In multivariable-adjusted linear regression models (Table 4), there was a borderline significant association between longer sleep duration and a higher AHA LS7 score (β=0.14;p=0.057). Poorer sleep quality (β=−0.08;p=0.002) and more severe insomnia (β=−0.05;p=0.002) were associated with a lower AHA LS7 score indicative of poorer CVH. Snoring and a high vs. low OSA risk were both associated with a lower AHA LS7 score (β=−0.77;p=0.0001 and β=−1.63;p<0.0001, respectively). In logistic regression models (Table 4), sleeping <7 vs. ≥7 h/night and poor vs. good sleep quality were not significantly associated with odds of having a poor AHA LS7 score (AHA LS7 score: 0–8), though the OR>1 indicative of greater odds were observed. In contrast, insomnia was significantly associated with 69% greater odds of having a poor AHA LS7 score (OR(95%CI): 1.69(1.05–2.71)). Similarly, snoring and high vs. low OSA risk were associated with 87% and >3-fold greater odds of having a poor AHA LS7 score (OR(95%CI): 1.92(1.06–3.47) and 4.60(2.4–8.66), respectively).
Table 4.
Linear Model†, § | Logistic Model‡, § | ||||
---|---|---|---|---|---|
Sleep Characteristics | B(SE) | p-value | Sleep Characteristics | OR (95%CI) | p-value |
Sleep Duration (Hours) | 0.14 (0.08) | 0.057 | Sleep Duration (<7 vs. ≥7h) | 1.60 (0.99–2.60) | 0.06 |
Sleep Quality (PSQI score) | −0.08 (0.02) | 0.002 | Sleep Quality (PSQI >5 vs. ≤5) | 1.51 (0.93–2.45) | 0.095 |
Insomnia Severity Index | −0.05 (0.02) | 0.002 | Insomnia (Yes vs. No) | 1.69 (1.05–2.71) | 0.031 |
Snore (Yes vs. No) | −0.77 (0.20) | 0.0001 | Snore (Yes vs. No) | 1.87 (1.14–3.06) | 0.013 |
OSA Risk (High vs. Low) | −1.63 (0.24) | <0.0001 | OSA Risk (High vs. Low) | 3.89 (2.23–6.81) | <0.0001 |
OSA: obstructive sleep apnea; PSQI: Pittsburg Sleep Quality Index
Results of linear regression models represent the increase in the AHA LS7 score per one-hour increase in sleep duration, per one unit increase in the PSQI or ISI scores, for snoring vs. no snoring, and for high vs. low risk of OSA
Logistic regression models examine the odds of having a poor AHA LS7 score (0–8) by category of sleep characteristics
Linear and logistic regression models are adjusted for age, race/ethnicity, education, health insurance, employment, menopausal status, and nativity (born in USA)

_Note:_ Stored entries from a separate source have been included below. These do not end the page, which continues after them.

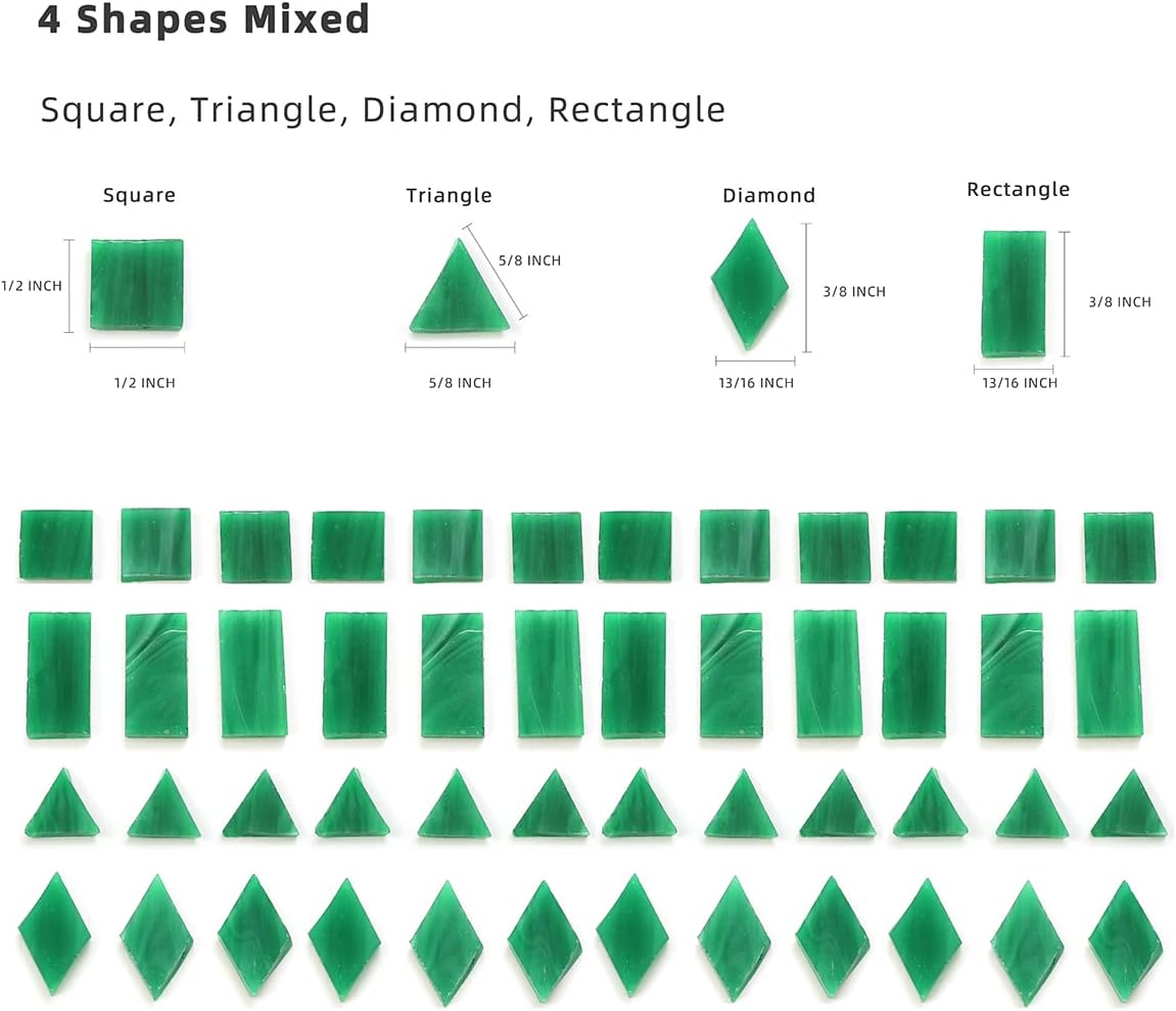 Lanyani 200 Mixed Color Glass Mosaic Tiles - 4 Shapes, Tiffany Stained Glass Pieces for Crafts, Pine Green
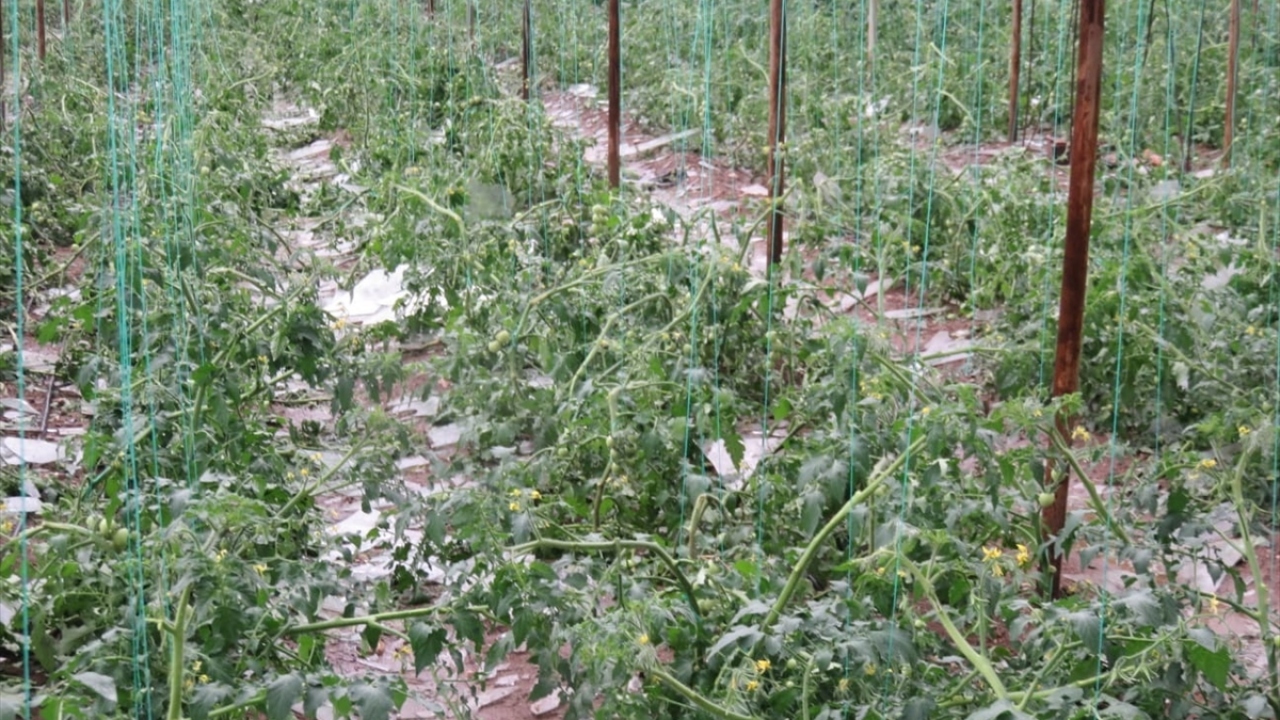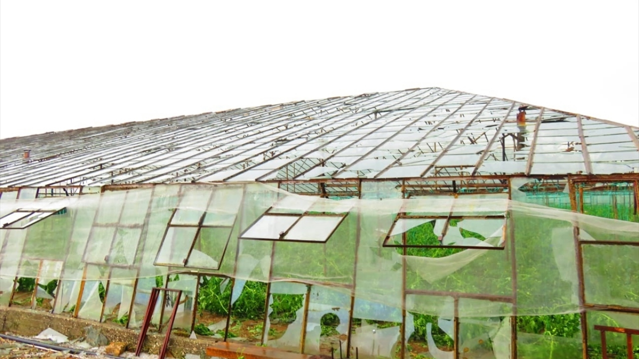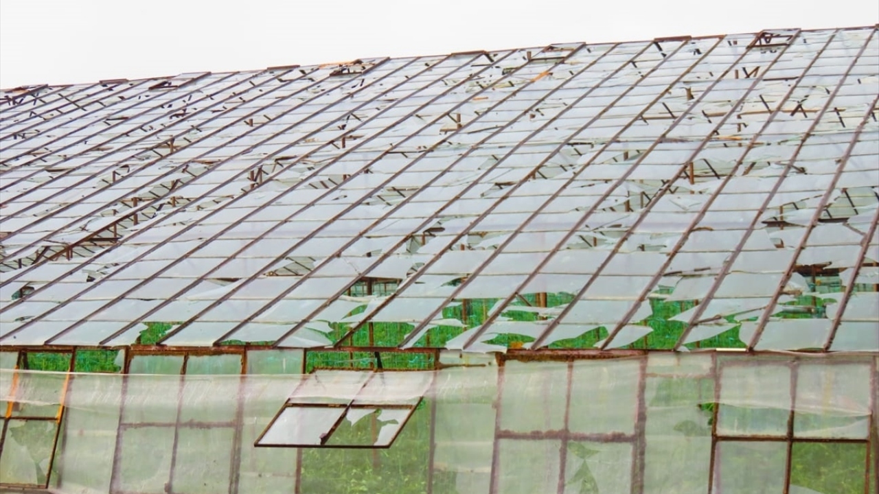 Dolu nedeniyle bölgedeki seralar zarar gördü.
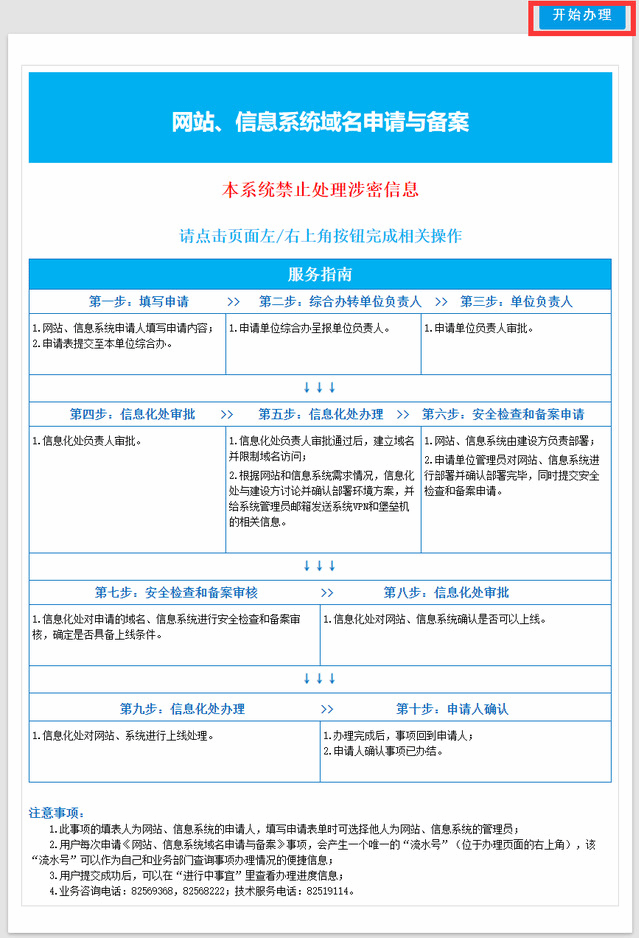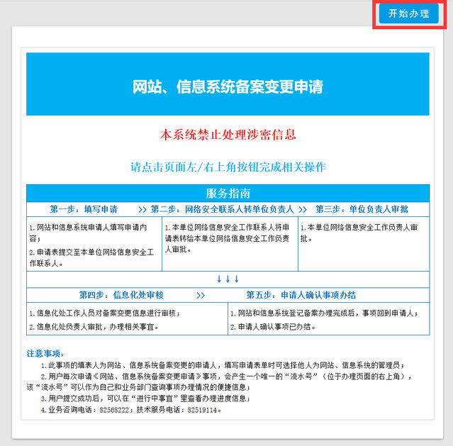 3.请您认真阅读服务指南及页面下方的注意事项后,点击“开始办理”,即可办理相应业务。
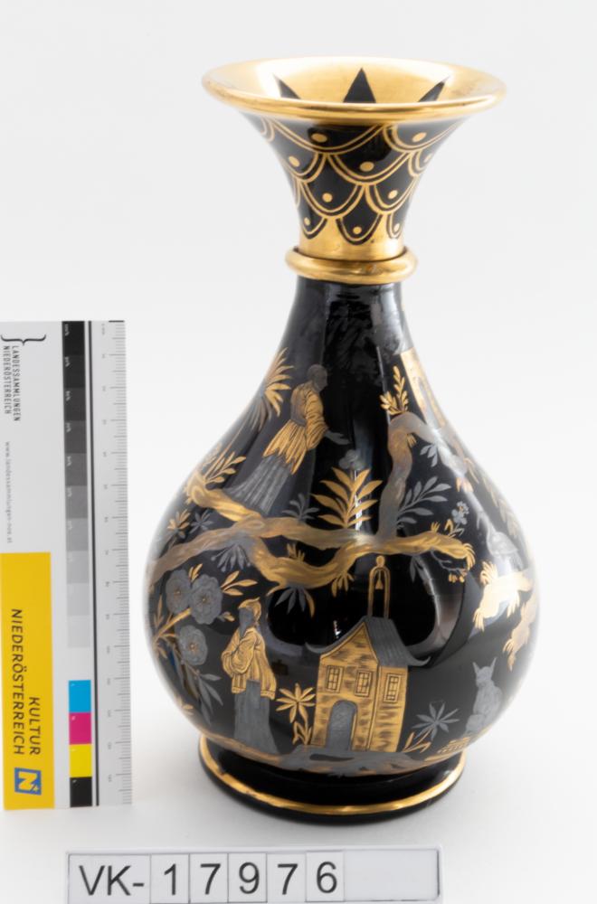 Bauchige Vase aus schwarzem Glas mit asiatischen Motiven.

In sensitivity analyses, we examined the clustering of sleep problems in relation to the AHA LS7 score. In multivariable-adjusted logistic regression models, women who had 1–4 versus 0 poor sleep characteristics had 2-fold higher odds of having poor CVH (OR(95%CI: 2.00(1.05–3.82)). Women who had 3–4 poor sleep characteristics were particularly prone to having poor CVH (OR(95%CI): 2.79(1.37–5.69) compared to women with adequate sleep duration and no sleep problems.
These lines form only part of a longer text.